Degradation of hydrogels depends on hydrolysis of either the cross-links or the polymer backbone. This process is unique for the different hydrogel compositions. Some may be synthesized with targeted degradation of the cross-links or the backbone. Usual degradation of polymers relies on adsorption of medium on the polymer surface, diffusion of medium into the polymer, chemical reactions, diffusion of degradation products, and description of degradation products. For the most part, degradation is carried out by specific enzymatic hydrolysis of hydrogel components.

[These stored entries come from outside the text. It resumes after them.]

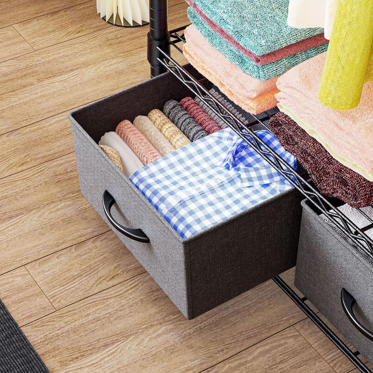 • 2 Fabric Drawers for Extra Storage: This clothing rack is designed with 2 fabric drawers with easy-pull handles, offering concealed storage for socks, underwear, wallets, and more. A great addition to wardrobe closets, it helps keep your space tidy and organized.
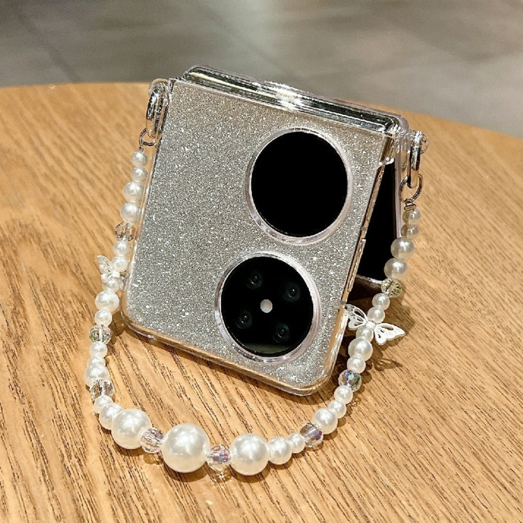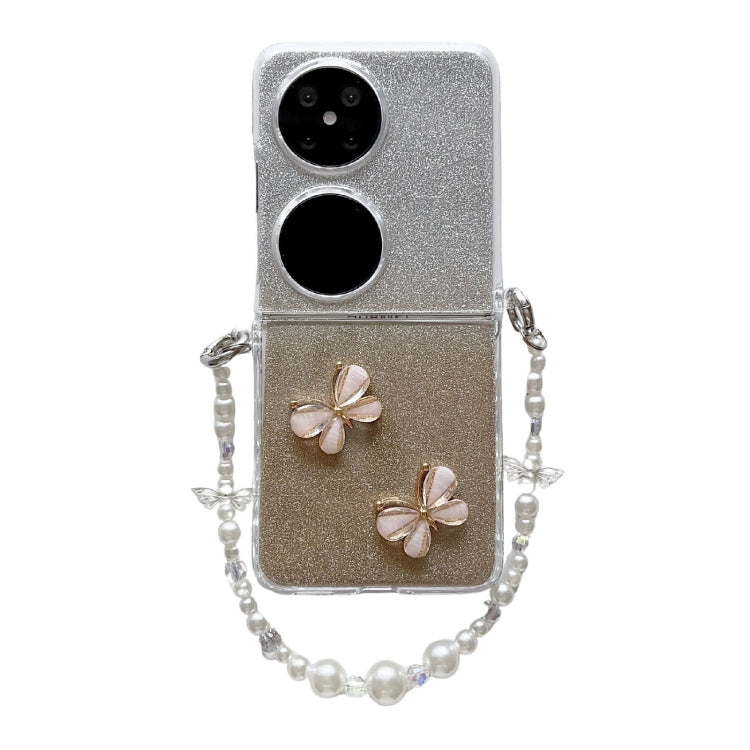 Funda para Huawei Pocket 2 Glitter Powder 3D Butterfly PC con Hebilla Lateral y Pulsera de Perlas (Oro)
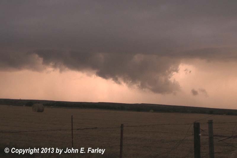 After a few minutes, it appeared that the circulation that produced the tornado was occluding and the lowering closer to me was becoming the primary meso. A picture from around that time can be seen here. It's possible the tornado could still have been going on in the rain back there under the occluding meso, but shortly after this time the more distant feature dissipated and the one in the foreground became dominant. This new circulation was moving directly toward me or even might pass to my south, but was not moving real fast. Here is a video capture of it that I got before I made an eastward adjustment from the same place as the captures above were obtained:
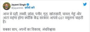 वहीं रालोद प्रमुख जयंत चौधरी ने ट्वीट कर लिखा, “आज से दही, लस्सी, छांछ, पनीर, गुड़, खांडसारी, चावल, गेहूं और आटा महंगा होगा क्योंकि केंद्र सरकार आपसे जीएसटी वसूलना चाहती है. सबका साथ, अपनों का विकास, अंधविश्वास!”

Endo-dextranase has been cross-linked in dextran methacrylated hydrogels in order to degrade the polymer. The degradation rate depended on the cross-link density and the amount of dextranase present. Lower cross-link density correlated with shorter degradation times. A similar method was employed to produce degradation-controlled release of proteins. Enzymatically-degrading dextran hydrogels were made by co-entrapment of dextranase. In addition, chemically degrading gels of hydroxyethyl methacrylated dextran have been prepared to compare degradation time with cross-linking.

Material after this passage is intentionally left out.